** DATASET RECORDS follows **
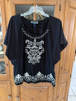 Karen Scott Women’s Sz 1X Casual Black Top white Embroidered Design With Dolman Sleeves$15Hollywood, FL
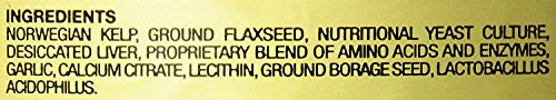 | ingredients | Desiccated liver, Norwegian Kelp, micropulverized bee pollen, yeast culture, Flaxseed and Ground Borage seed, Lecithin, Garlic and Lactobacilla Acidophilus. |
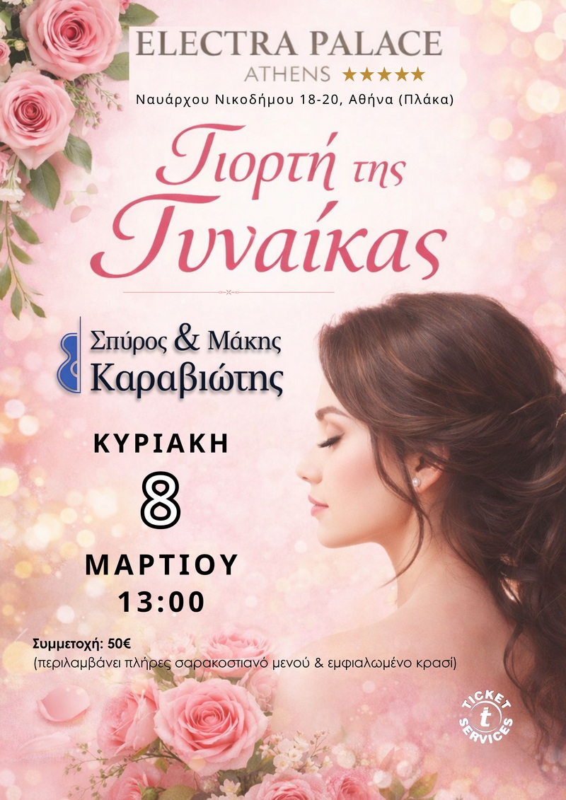 • Κυριακή 08 Μαρτίου 2026, 13:00 «Γιορτή της Γυναίκας» ELECTRA PALACE ΕΙΣΙΤΗΡΙΑ
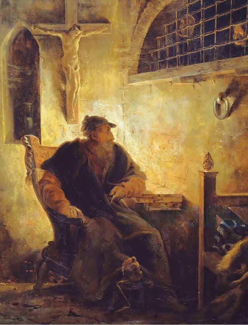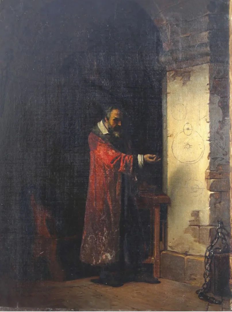 确实,在18—19世纪,随着启蒙运动的发展,伽利略受到宗教裁判所判刑的故事被人们作为宗教压制科学、神权压制理性的典型事件加以宣传,备受关注,一时间涌现出很多反映这一事件的艺术作品[4],狱中的伽利略也变成了一个颇有吸引力的题材。1822年前后,法国画家劳伦特(Jean-Antoine Laurent,1763—1832)就创作了一幅《狱中的伽利略》(图4),作品被始建于1821年的法国多勒精细艺术博物馆(Musée des Beaux-Arts de Dole)收藏。始建于1835年的意大利帕维亚市民博物馆(Musei Civici di Pavia)也收藏有一幅同样题材的油画(图5),作者是意大利画家本内韦罗(Cesare Della Chiesa di Benevello,1788—1853)。两张画中也都出现了伽利略手拿绘图工具(前一幅画中是钉子,后一幅画中是圆规),看着墙上的日心地动模型的场景。由此可以看出,利维奥的质疑确实是有道理的,他所讨论的那两幅《狱中的伽利略》油画看来就是在这样的背景下产生的。只不过这样一来,伽利略生前是否真的说过那句名言的事情又变成了一个历史谜案。
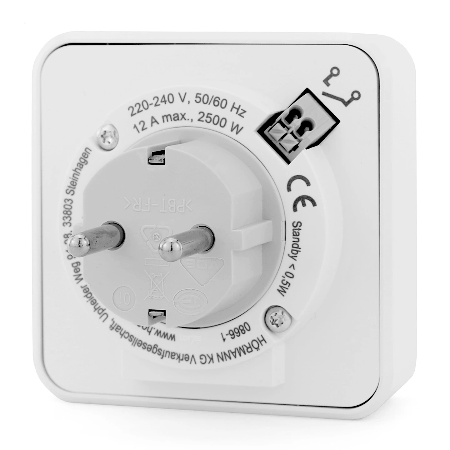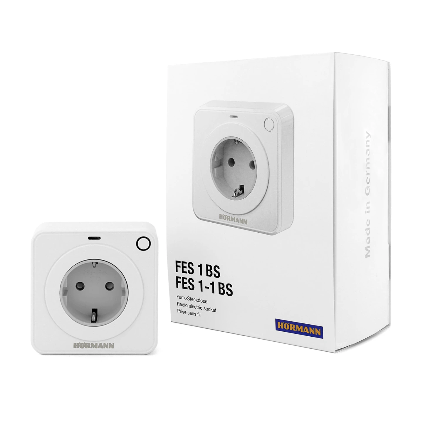 Hörmann hat die Steckdose für verschiedene Stecker-Varianten hergestellt. Wir bieten Ihnen die Steckdose für den bei uns gängigen Steckertyp F (Schuko-Stecker) an. Die Funksteckdose FES 1-1 868-BS sollte nur in trockenen Räumen verwendet werden, da die Schutzart ausschließlich für diese Umgebung ausgelegt ist.
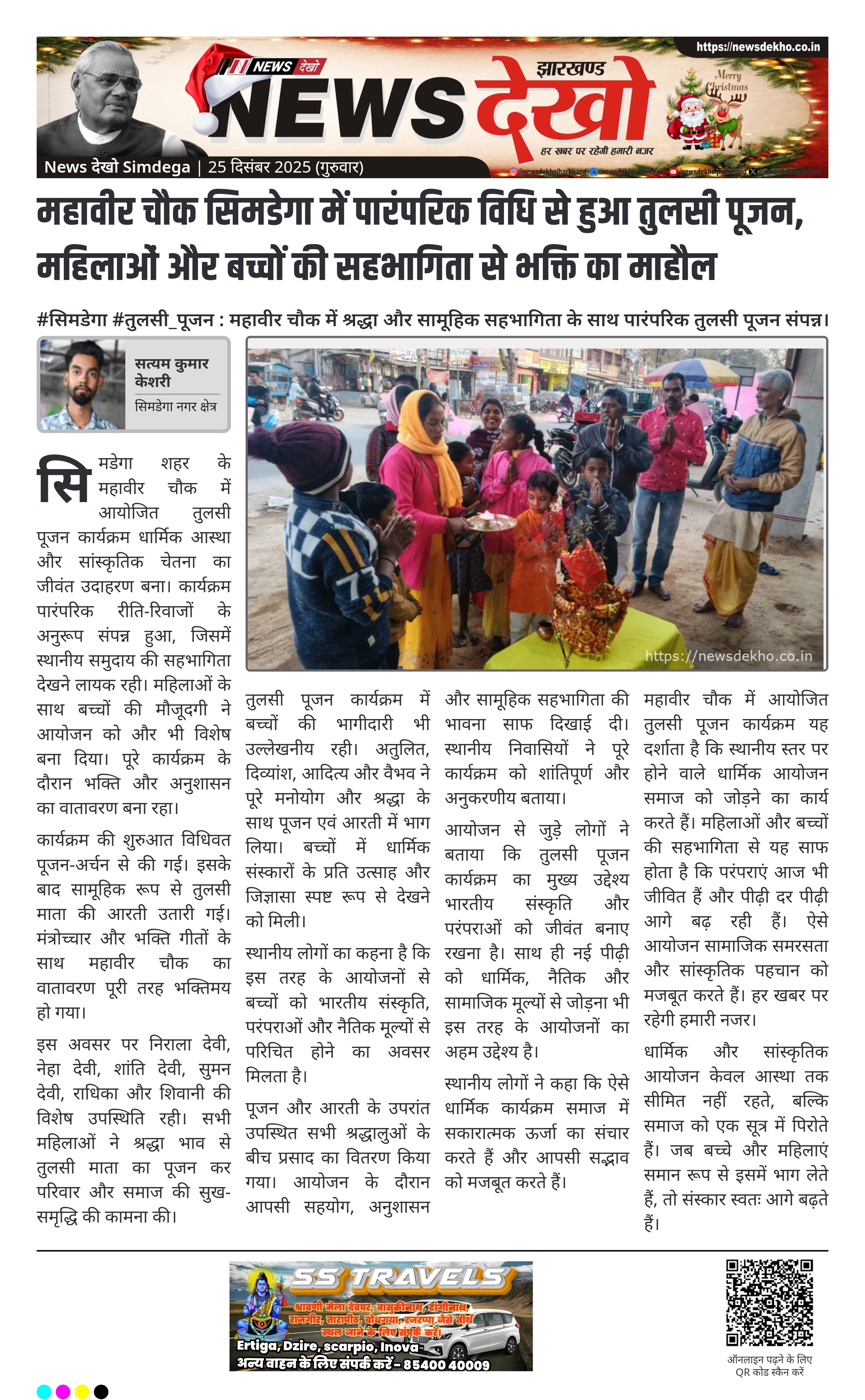 - महावीर चौक, सिमडेगा में पारंपरिक तुलसी पूजन कार्यक्रम आयोजित।
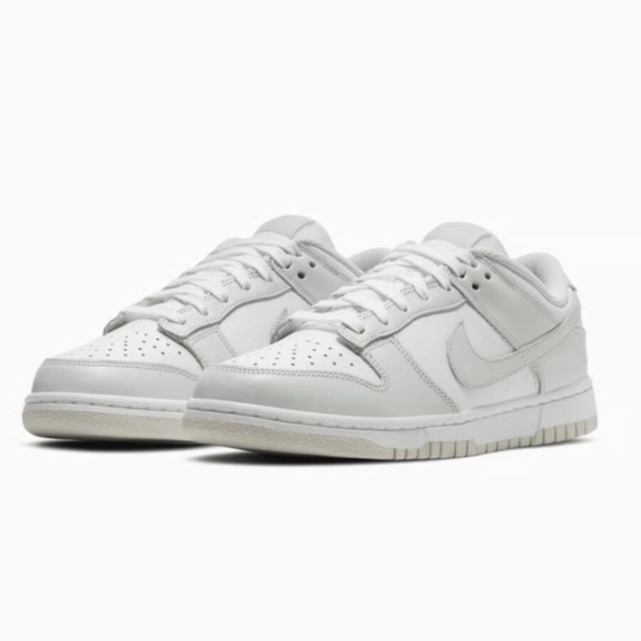 La sneaker pour femmes Nike Dunk Low WMNS « Photon Dust » présente un design discret et polyvalent, associant une tige en cuir blanc à des inserts gris pâle. Avec une semelle en caoutchouc à deux couleurs et des éléments typiques de Nike, elle combine confort et allure citadine, parfaite pour un port quotidien.
** End of DATASET RECORDS **
▸ PROBLEM TO WORK ON: Reproduce each entry exactly as given; no pictures, please.

▸ ANSWER SPACE:
 Karen Scott Women’s Sz 1X Casual Black Top white Embroidered Design With Dolman Sleeves$15Hollywood, FL
 | ingredients | Desiccated liver, Norwegian Kelp, micropulverized bee pollen, yeast culture, Flaxseed and Ground Borage seed, Lecithin, Garlic and Lactobacilla Acidophilus. |
 • Κυριακή 08 Μαρτίου 2026, 13:00 «Γιορτή της Γυναίκας» ELECTRA PALACE ΕΙΣΙΤΗΡΙΑ
 确实,在18—19世纪,随着启蒙运动的发展,伽利略受到宗教裁判所判刑的故事被人们作为宗教压制科学、神权压制理性的典型事件加以宣传,备受关注,一时间涌现出很多反映这一事件的艺术作品[4],狱中的伽利略也变成了一个颇有吸引力的题材。1822年前后,法国画家劳伦特(Jean-Antoine Laurent,1763—1832)就创作了一幅《狱中的伽利略》(图4),作品被始建于1821年的法国多勒精细艺术博物馆(Musée des Beaux-Arts de Dole)收藏。始建于1835年的意大利帕维亚市民博物馆(Musei Civici di Pavia)也收藏有一幅同样题材的油画(图5),作者是意大利画家本内韦罗(Cesare Della Chiesa di Benevello,1788—1853)。两张画中也都出现了伽利略手拿绘图工具(前一幅画中是钉子,后一幅画中是圆规),看着墙上的日心地动模型的场景。由此可以看出,利维奥的质疑确实是有道理的,他所讨论的那两幅《狱中的伽利略》油画看来就是在这样的背景下产生的。只不过这样一来,伽利略生前是否真的说过那句名言的事情又变成了一个历史谜案。
 Hörmann hat die Steckdose für verschiedene Stecker-Varianten hergestellt. Wir bieten Ihnen die Steckdose für den bei uns gängigen Steckertyp F (Schuko-Stecker) an. Die Funksteckdose FES 1-1 868-BS sollte nur in trockenen Räumen verwendet werden, da die Schutzart ausschließlich für diese Umgebung ausgelegt ist.
 - महावीर चौक, सिमडेगा में पारंपरिक तुलसी पूजन कार्यक्रम आयोजित।
 La sneaker pour femmes Nike Dunk Low WMNS « Photon Dust » présente un design discret et polyvalent, associant une tige en cuir blanc à des inserts gris pâle. Avec une semelle en caoutchouc à deux couleurs et des éléments typiques de Nike, elle combine confort et allure citadine, parfaite pour un port quotidien.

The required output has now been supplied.